Personal information
- Full name: Terry Alan Schroeder
- Nationality: United States
- Born: October 9, 1958 (age 67) Santa Barbara, California, U.S.
- Education: Pepperdine University Palmer College of Chiropractic West
- Occupations: Chiropractor Water Polo Coach
- Years active: 1986–present
- Height: 6 ft 2.8 in (190 cm)
- Weight: 209 lb (95 kg)
- Spouse: Lori

Medal record
Men's water polo
Representing the United States
Olympic Games
| Silver medal – second place | 1984 Los Angeles | Men's water polo |
| Silver medal – second place | 1988 Seoul | Men's water polo |

= Terry Schroeder =

American water polo player (born 1958)

Terry Alan Schroeder, DC (born October 9, 1958) is an American former water polo player who competed in the 1984 Summer Olympics, in the 1988 Summer Olympics, and in the 1992 Summer Olympics. Schroeder is a chiropractor, practicing in Agoura Hills, California. He is a 1986 graduate of Palmer Chiropractic College – West where he met his wife, Lori Schroeder. They have two daughters. He is currently the head water polo coach at Pepperdine University, and has been since 2013. He also coached at Pepperdine from 1986 to 2005, but left to become the head coach for the United States Olympic team before returning to Pepperdine.

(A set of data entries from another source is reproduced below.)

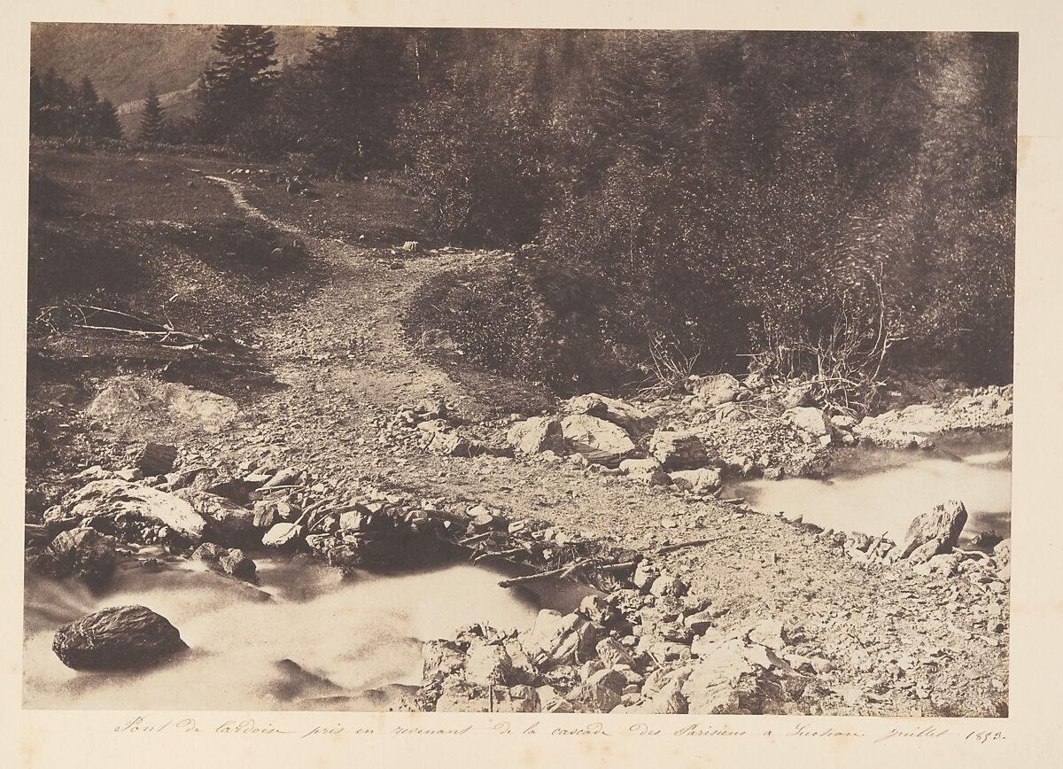 In the summer of 1853, Viscount Vigier spent two months photographing in the Pyrenees. He had learned the waxed paper process from Gustave Le Gray but preferred Talbot's original technique for its strong contrasts of light and dark. When Vigier exhibited his views in London and Paris in l854, they were highly acclaimed. These first photographs of the Pyrenees appealed to the English taste for the sublime and to the French romantic temperament.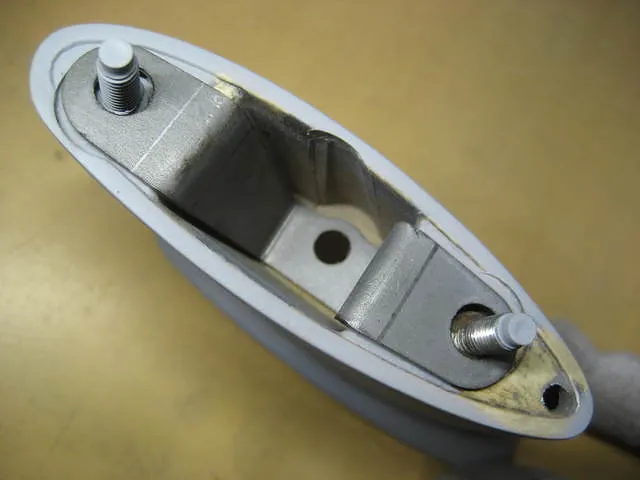 商品は純正部品と同サイズで中央の取付部に幅を付けて強度を確保しております。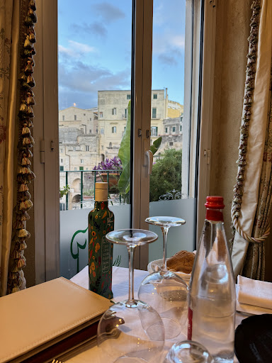 Read moreUno dei ristoranti con la vista più bella a Matera. Se si ha la fortuna di sedersi ai tavoli fuori dove si ha la vista nei sassi è veramente un punto aggiunto! Il ristorante è raggiungibile solamente a piedi dato che è nel corso però è comodo perché si è in un punto centrale a Matera di fianco piazza Vittorio Veneto in via S.Biagio.Nonostante la confusione e i tavoli tutti pieni le nostre ordinazioni sono arrivate in tempi giusti. Nell'attesa ci hanno subito portato un padellino di peperoni cruschi cotti bene con poco olio quindi non troppo pesanti. Successivamente ci son arrivate le nostre portate. Dei gamberi in pasta kataifi come antipasto, risotto con gamberetti asparagi e polvere di liquirizia anch'esso eccellente ed una rana pescatrice fatta a spiedino molto buona non l'avevo mai mangiata così! Tutto sommato un buon servizio! Vorrei dare un paio di consigli come spesso faccio quando vado in altre location. Il primo :c'è da rivedere gli interni del locale!fermatevi un attimo a guardare e vi accorgerete che c'è poca cura degli interni! I calendari sopra la testa della mia compagna appesi ad un muro che staranno appesi li da anni vanno levati.. Anche perché quel muro o meglio grotta scavata nel tufo va già benissimo così semplice senza troppi particolari!i porta lampada son spaccati.. Son tutte cose che poi non mi giustificano più i 5 €di coperto in 2,oppure diversificate magari con vista nei sassi voglio anche pagare quella cifra ma noi avevamo un muro a sinistra e i calendari in testa! Il secondo consiglio :ci vuole più distanziamento tra un tavolo e l'altro troppo vicini! Non solo per un discorso di covid ma anche di sicurezza!vorrei che queste mie "critiche" fossero costruttive e vengano prese per quelle che sono consigli.. Che di sicuro non vanno ad inficiare sulla buona cucina che abbiamo provato e sulla buona serata che...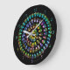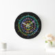 Um relógio acrílico plano decorado com uma mandala colorida feita de Mini Bean Poads™. Esta é uma foto de um lote de esculturas Poad™ de edição limitada pintadas individualmente por Melody Pena e produzidas por Windstone Editions.
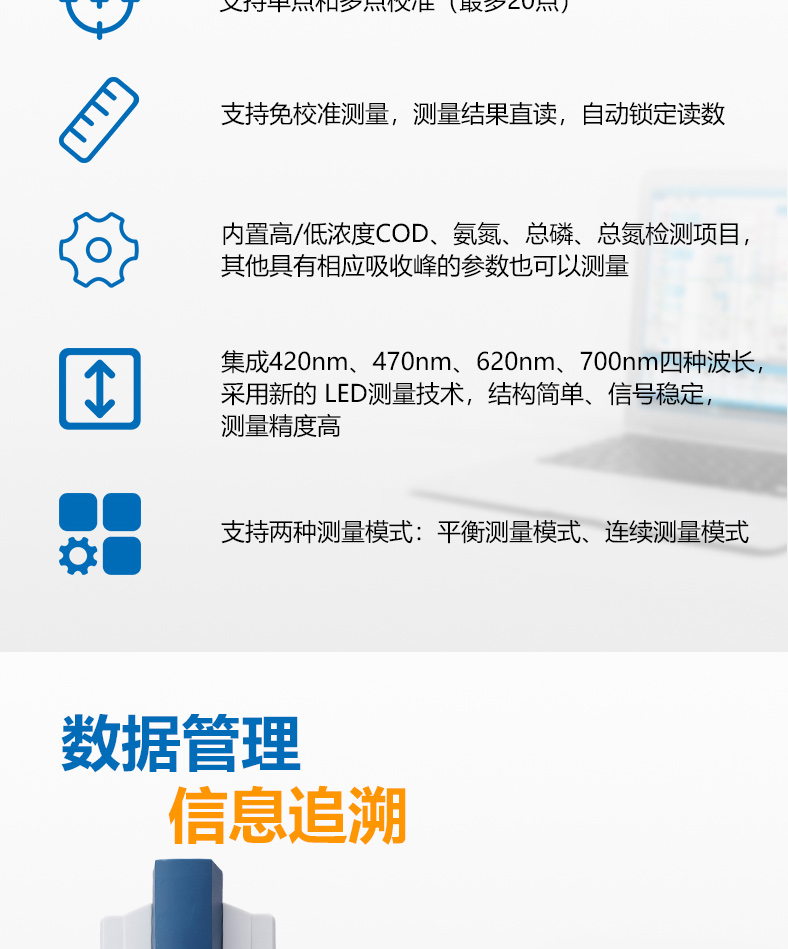 a)DGB-401 multi-parameter Water Quality AnalyzerThe LED light source used integrates four wavelengths: 420nm, 470nm, 620nm and 700nm, and the analyzer is small in size and has high measurement accuracy.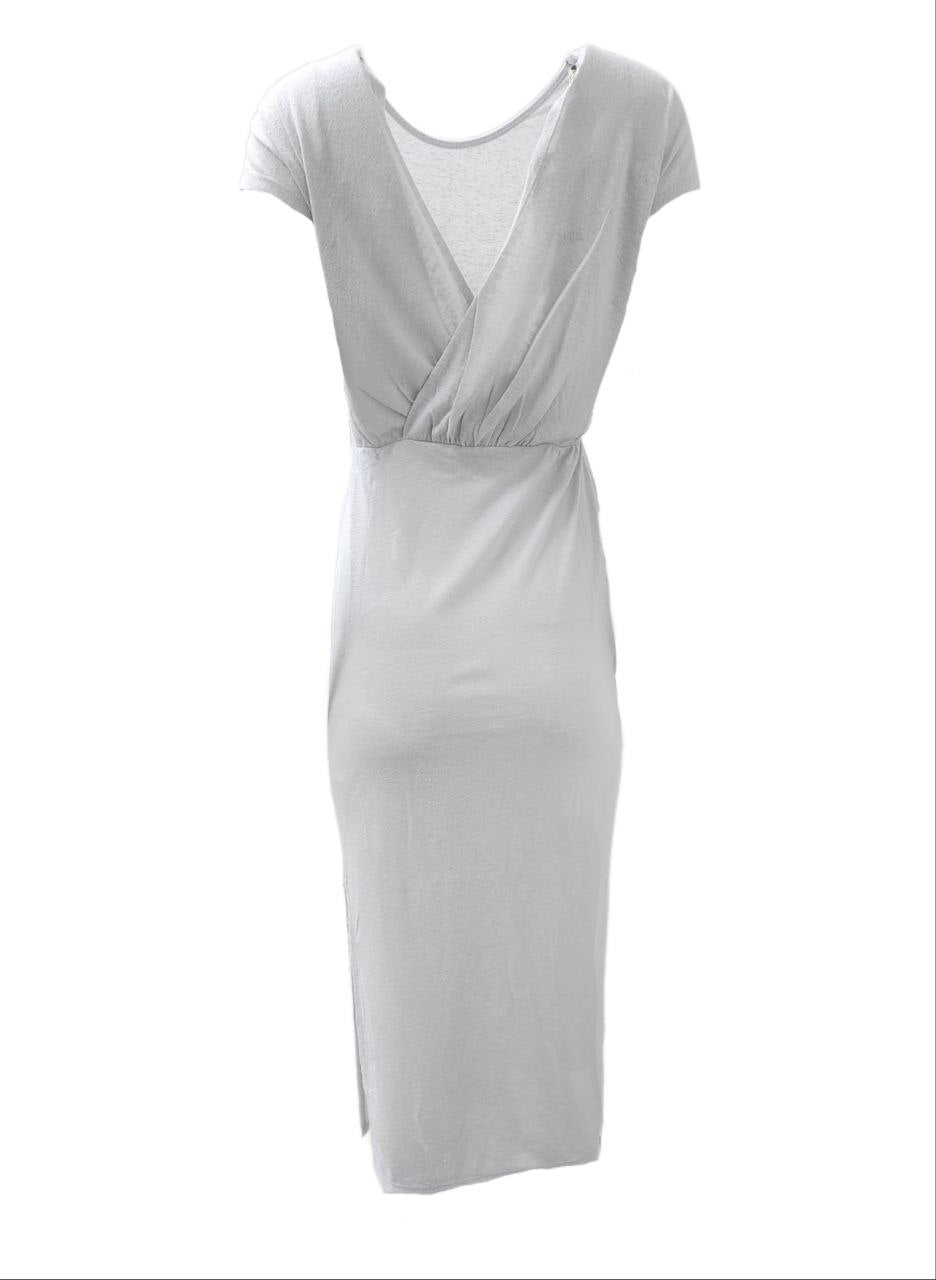 HoodLamb Women's Soft Grey Knit V-Back Maxi Hemp Dress 420 NWT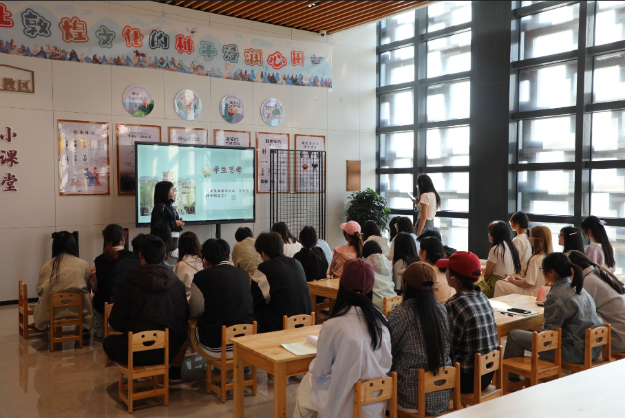 本次活动开展12场,覆盖各专业千余名学生到馆实践教学。通过学生近距离欣赏张大千真迹、敦煌壁画、彩塑模型等展品,聆听敦煌文化精神的发展脉络、艺术成就及历史故事,在现代科技赋能下为同学们搭建起与敦煌进行一场跨越千年、纵横万里的时空对话。随后,教师开展现场教学,让学生从敦煌历史变迁中感受中华优秀传统文化的深厚底蕴,从多元文化融合中体会开放包容的时代价值,从“一带一路”倡议中感受合作共赢的发展智慧等思政理论,让思政教育从书本走向现实,极大地激发了学生对思政课的兴趣和对传统文化的热爱。
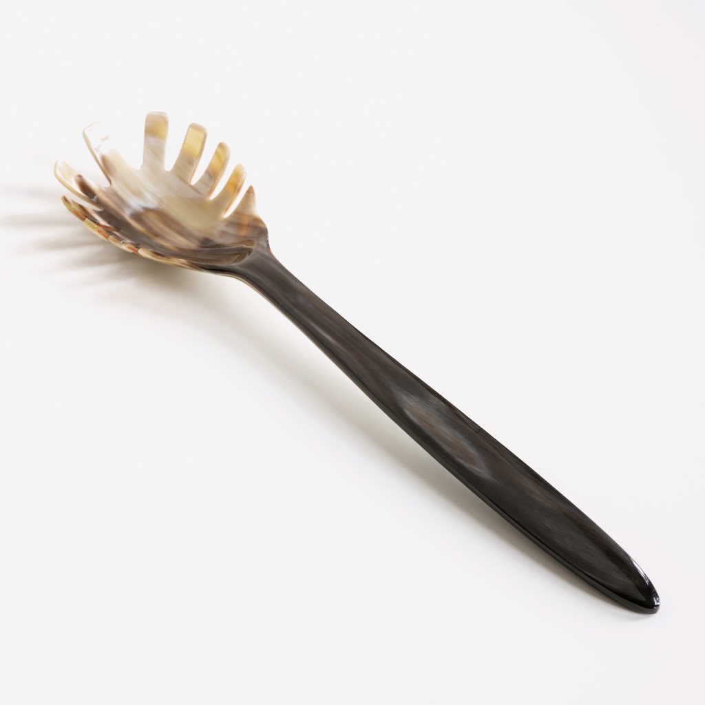 Schöne, handgefertigte Nudelkelle aus Büffelhorn. Statt lange Nudeln wie Spaghetti, Linguine und Co. nach dem Abgießen mit zwei Löffeln zu servieren, hat man mit dem Spaghettilöffel noch eine Hand frei, um den Teller beim Servieren in sicherer Nähe zu halten. Da Horn ein Naturprodukt ist, variiert die Maserung eines jeden Löffels in individuellen Schattierungen von elfenbeinweiß bis ebenholzschwarz.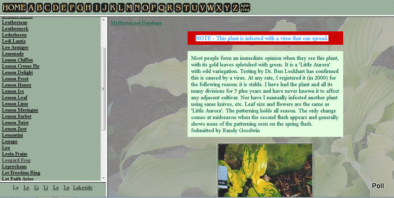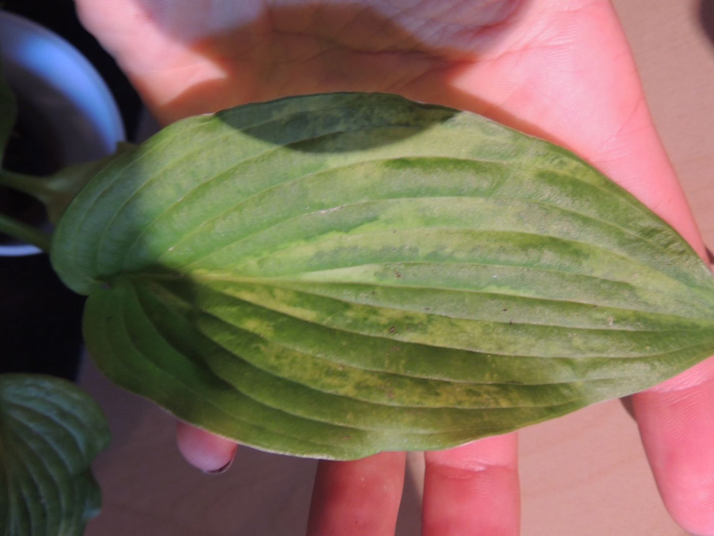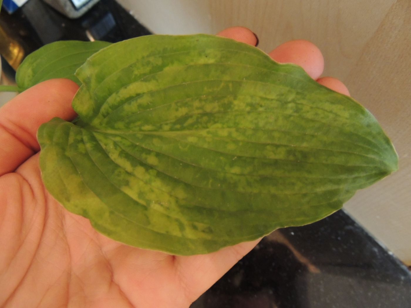 "Ta odmiana jest zainfekowana HVX, co spowodowalo pojawienie się zielonych plam na liściach. Choć choroba ta rozprzestrzenia się głównie poprzez przeniesienie w sposób mechaniczny (mój dopisek: świeży sok) (sekator, ostrza kosiarki), zarażonych roślin należy unikać w miarę możliwości.."
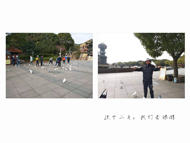于是你會輕易發現,這次小伙伴們選擇的拍照地點和內容有了明顯的變化,大多從拍人到選擇了拍景,又喜歡在大佛身前的登云階梯前留下自身的影像。或許在每個人的心里,都存在著對無上信仰的尊崇和不愿褻瀆,又都存在著對祥和美好的喜愛與向往。你看,這些靦腆的大男孩們就悄悄喂起了鴿子,而他們抬眼所及的前方,便是九龍灌浴太子金身,身后,是佛陀降魔浮雕。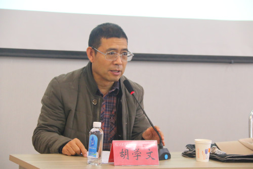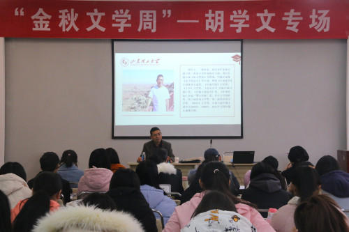 活动伊始,李雪雁对胡学文的个人经历、代表作品以及获奖情况进行简要介绍,在场全体人员对胡学文的到来表示热烈欢迎。之后,胡学文就“长篇小说漫谈”展开专题讲座。他先后把长篇与短篇小说、中国与外国作家进行对比,并列举出迟子建、王安忆等优秀小说家的作品。他谈到,评判一部小说不能靠篇幅长短,小说篇幅的选择与作家经历有关。他以长篇小说为重点解说内容,列举出《百年孤独》等一系列想象力丰富的作品。此外,他还提到中外作家的区别,中国作家习惯于从现有经验、想象力和激情入手,而国外作家因为开始较早,所以技术更成熟。胡学文表示,自己很欣赏国外作家对时间和空间的运用,他们想象奇特,理念性强。而后,胡学文指出,作家在写作过程中应尤其注意风度与开阔这种个人标准与判断,就像苏童说过“我写长篇是为自己写,我写短篇是为苏童写”。

The nude male sculpture in front of the Los Angeles Memorial Coliseum was modeled on Schroeder.

Schroeder won two consecutive silver medals at the 1984 and 1988 Olympics. He was given the honor to carry the national flag of the United States at the closing ceremony of the 1988 Summer Olympics in Seoul, becoming the 16th water polo player to be a flag bearer at the opening and closing ceremonies of the Olympics. Twenty years later, he coached the United States men's national team to a silver in 2008, becoming one of a few sportspeople who won Olympic medals in water polo as players and head coaches.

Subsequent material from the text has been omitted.